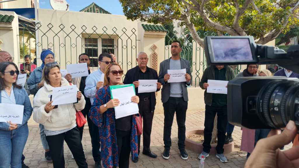 ورفع المحتجون خلال الوقفة سلسلة من الشعارات الرافضة للتضييق على المهنة، من بينها: “الصحافة ليست جريمة”، “الصحافة خطّ أحمر”، “تشغيل خريجي معهد الصحافة حقّ مش مزية”، “لا لتصفية الإعلام”، “أبواب مغلقة على الصحافة… زنازين موصدة”، “منع المعلومة ضرب لحق المواطن”، “لا لمرسوم القمع 54”، “ارفعوا أيديكم عن حرية العمل الصحفي”.
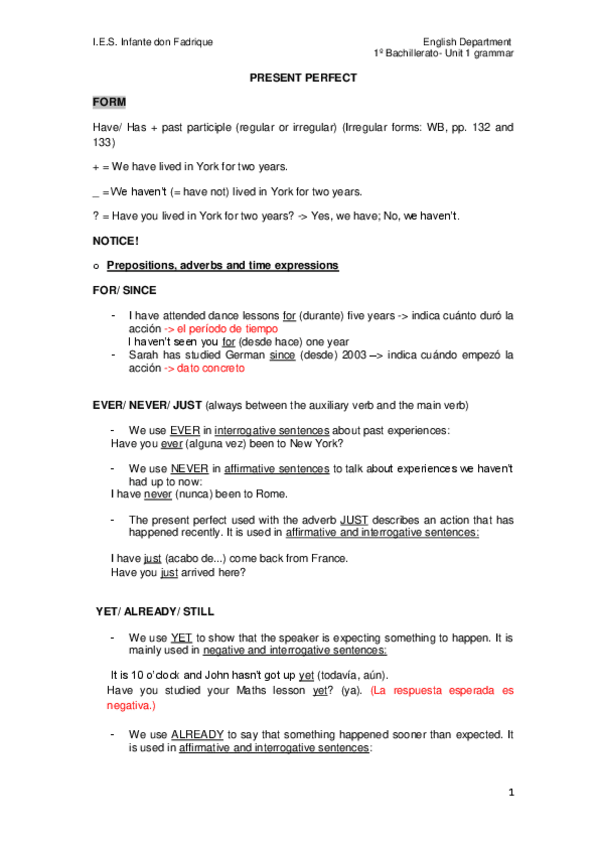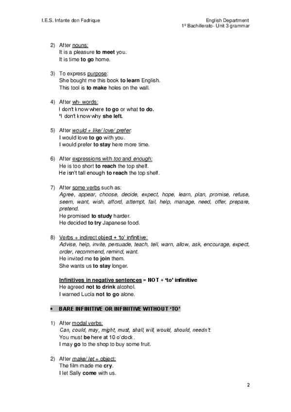 Asignaturas de INFANTE DON FADRIQUE - Bachillerato
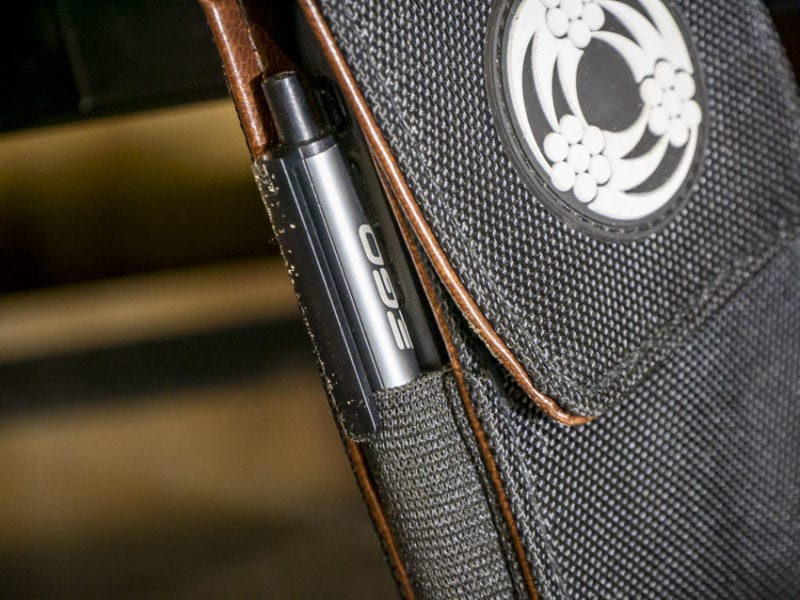 Elastic straps hold the case together. Not only do they provide some flex for thicker phones, but I’ve found that it’s a good place to store a pen or two.
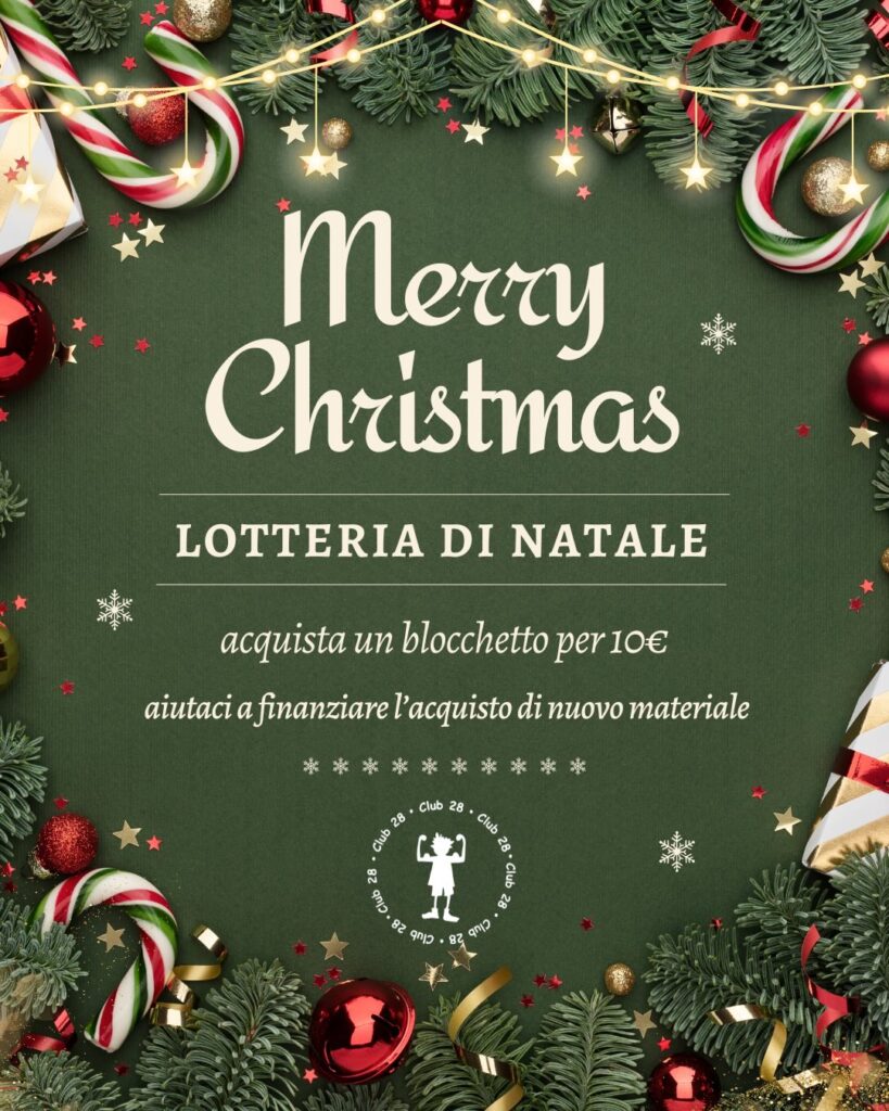 In occasione del Natale, anche quest’anno, il Club 28 ha pensato di organizzare una lotteria per raccogliere fondi e acquistare nuovi attrezzi per le nostre ginnaste🎄✨
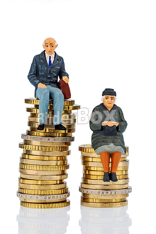 Beschreibung Rentner und Rentnerin sitzen auf Geldstapel, Symbolfoto für Altersvorsorge und Ungleichheit,
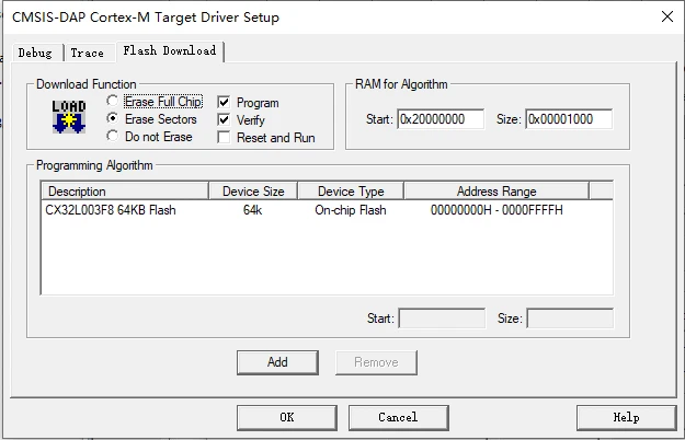 LoaderType :必须是12.5.4.1 Attribute values - LoaderType中列出的类型之一,目前只有FLASH_ALGO_TYPE_OPEN一个类型,而*.flm是支持这个类型的

· · ·

▶ [WHAT THE TASK REQUIRES] All of the material above should be set down again exactly, though not its pictures.

▶ [EXERCISE ANSWER]
 ورفع المحتجون خلال الوقفة سلسلة من الشعارات الرافضة للتضييق على المهنة، من بينها: “الصحافة ليست جريمة”، “الصحافة خطّ أحمر”، “تشغيل خريجي معهد الصحافة حقّ مش مزية”، “لا لتصفية الإعلام”، “أبواب مغلقة على الصحافة… زنازين موصدة”، “منع المعلومة ضرب لحق المواطن”، “لا لمرسوم القمع 54”، “ارفعوا أيديكم عن حرية العمل الصحفي”.
 Asignaturas de INFANTE DON FADRIQUE - Bachillerato
 Elastic straps hold the case together. Not only do they provide some flex for thicker phones, but I’ve found that it’s a good place to store a pen or two.
 In occasione del Natale, anche quest’anno, il Club 28 ha pensato di organizzare una lotteria per raccogliere fondi e acquistare nuovi attrezzi per le nostre ginnaste🎄✨
 Beschreibung Rentner und Rentnerin sitzen auf Geldstapel, Symbolfoto für Altersvorsorge und Ungleichheit,
 LoaderType :必须是12.5.4.1 Attribute values - LoaderType中列出的类型之一,目前只有FLASH_ALGO_TYPE_OPEN一个类型,而*.flm是支持这个类型的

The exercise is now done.